Work order:
Although pictures appear in the data, the answer should contain only the lines from its start through the line with "미스터트롯3 문자 투표하기 문자", written out exactly.

Collection entries
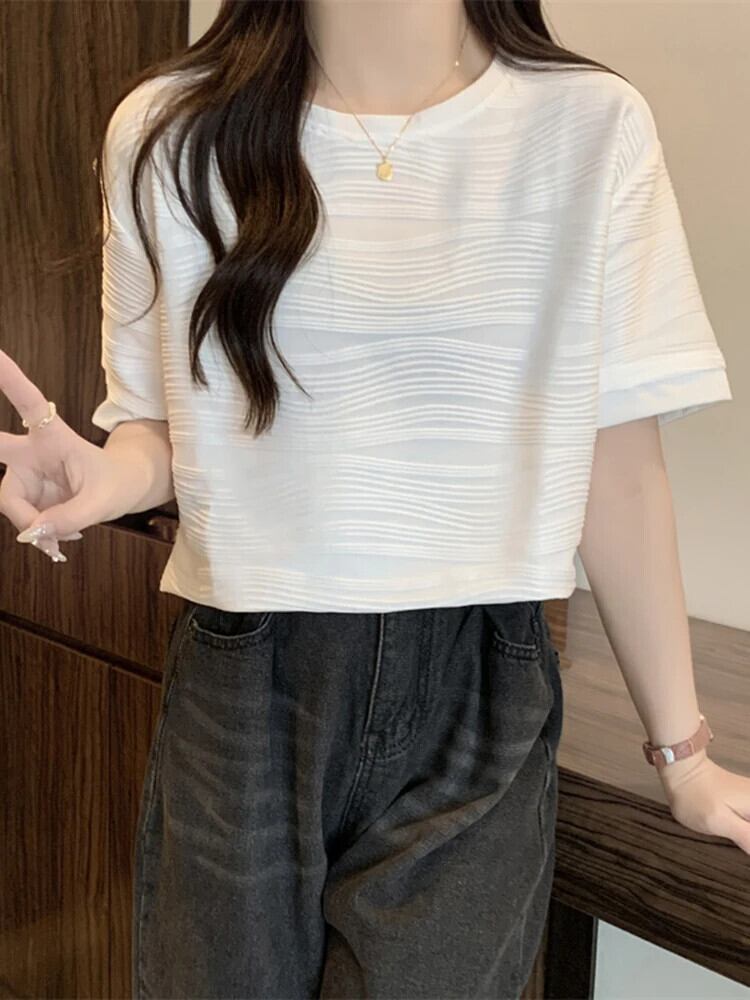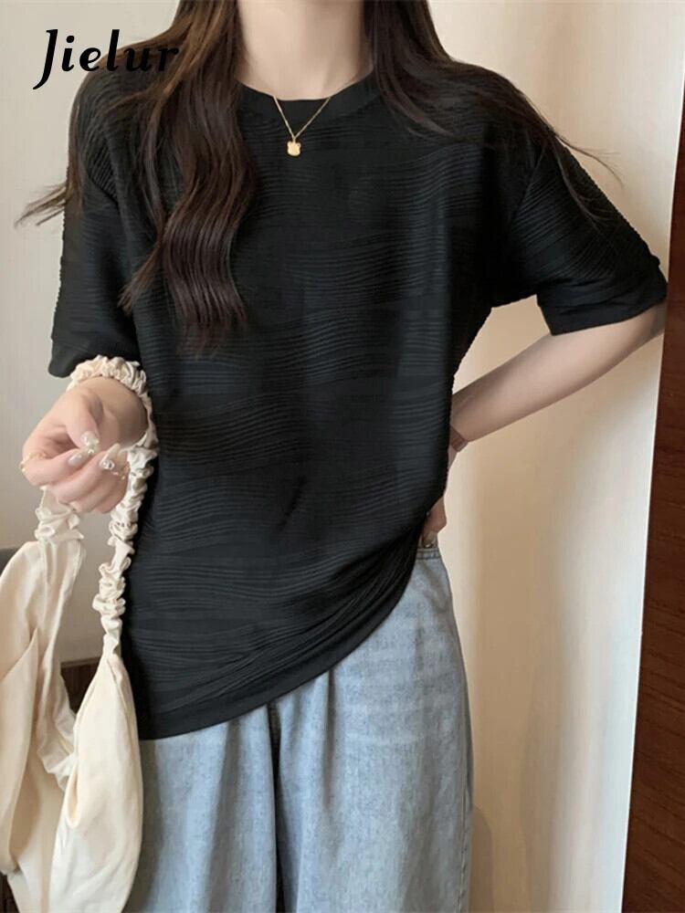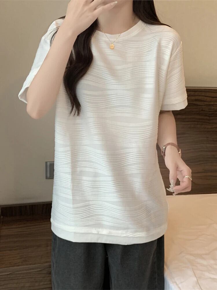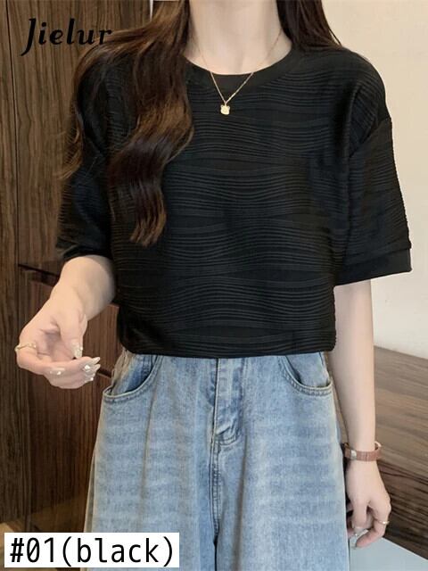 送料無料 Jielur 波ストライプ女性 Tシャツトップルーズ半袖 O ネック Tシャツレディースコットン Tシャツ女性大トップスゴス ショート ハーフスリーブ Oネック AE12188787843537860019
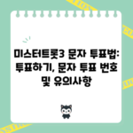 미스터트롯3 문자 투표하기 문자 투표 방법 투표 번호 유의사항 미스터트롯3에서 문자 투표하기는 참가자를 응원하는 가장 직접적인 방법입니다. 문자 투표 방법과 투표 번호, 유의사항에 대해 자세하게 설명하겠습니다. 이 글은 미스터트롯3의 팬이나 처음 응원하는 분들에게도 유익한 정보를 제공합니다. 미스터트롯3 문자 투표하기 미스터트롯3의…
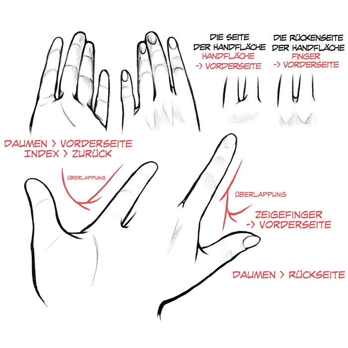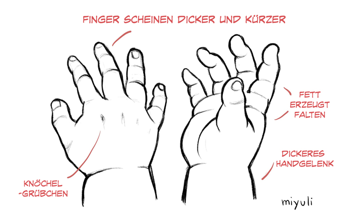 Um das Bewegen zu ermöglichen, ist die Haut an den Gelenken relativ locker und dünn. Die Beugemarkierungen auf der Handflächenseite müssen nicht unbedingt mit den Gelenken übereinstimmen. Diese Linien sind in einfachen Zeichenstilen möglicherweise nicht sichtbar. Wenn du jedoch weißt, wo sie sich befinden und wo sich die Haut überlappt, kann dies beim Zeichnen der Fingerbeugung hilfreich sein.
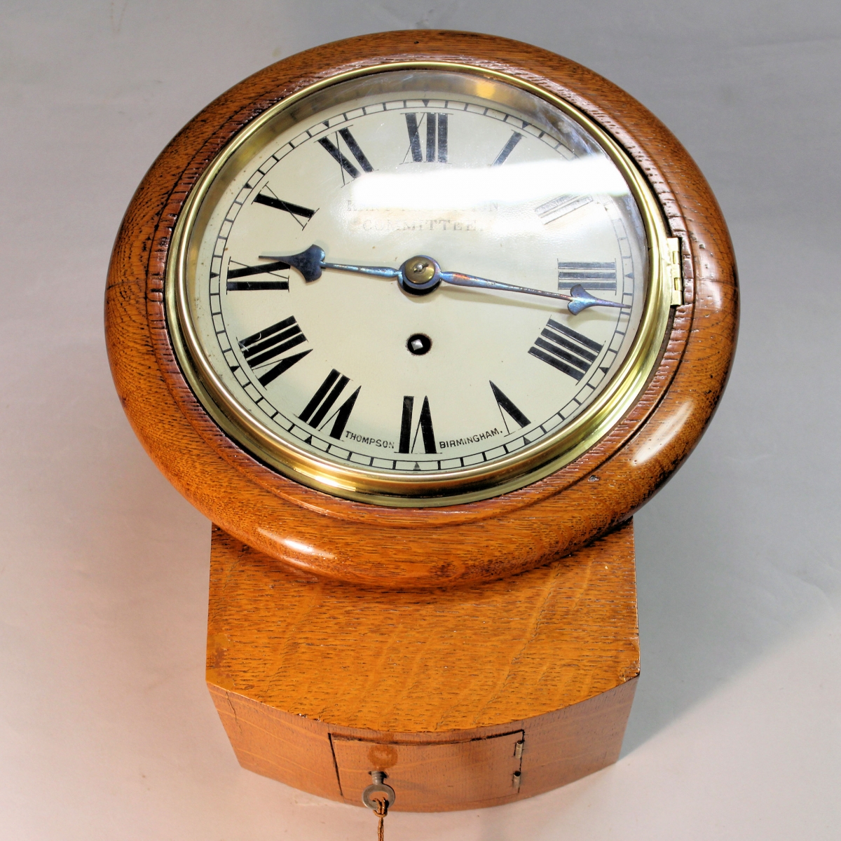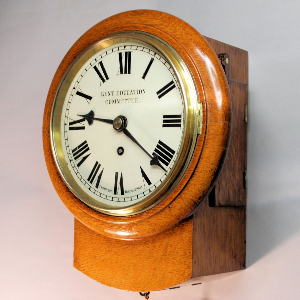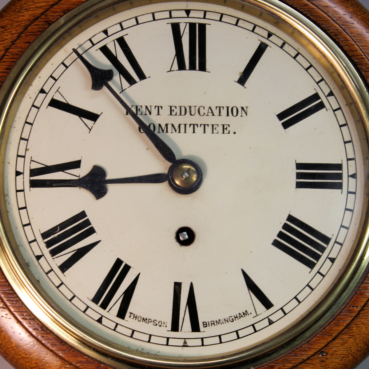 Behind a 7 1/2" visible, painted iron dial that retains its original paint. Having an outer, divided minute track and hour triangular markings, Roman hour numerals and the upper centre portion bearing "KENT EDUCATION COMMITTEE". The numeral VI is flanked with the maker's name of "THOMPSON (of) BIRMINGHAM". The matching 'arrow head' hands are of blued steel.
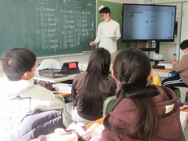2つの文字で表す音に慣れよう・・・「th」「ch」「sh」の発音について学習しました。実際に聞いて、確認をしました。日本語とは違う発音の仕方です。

Task result:
 送料無料 Jielur 波ストライプ女性 Tシャツトップルーズ半袖 O ネック Tシャツレディースコットン Tシャツ女性大トップスゴス ショート ハーフスリーブ Oネック AE12188787843537860019
 미스터트롯3 문자 투표하기 문자 투표 방법 투표 번호 유의사항 미스터트롯3에서 문자 투표하기는 참가자를 응원하는 가장 직접적인 방법입니다. 문자 투표 방법과 투표 번호, 유의사항에 대해 자세하게 설명하겠습니다. 이 글은 미스터트롯3의 팬이나 처음 응원하는 분들에게도 유익한 정보를 제공합니다. 미스터트롯3 문자 투표하기 미스터트롯3의…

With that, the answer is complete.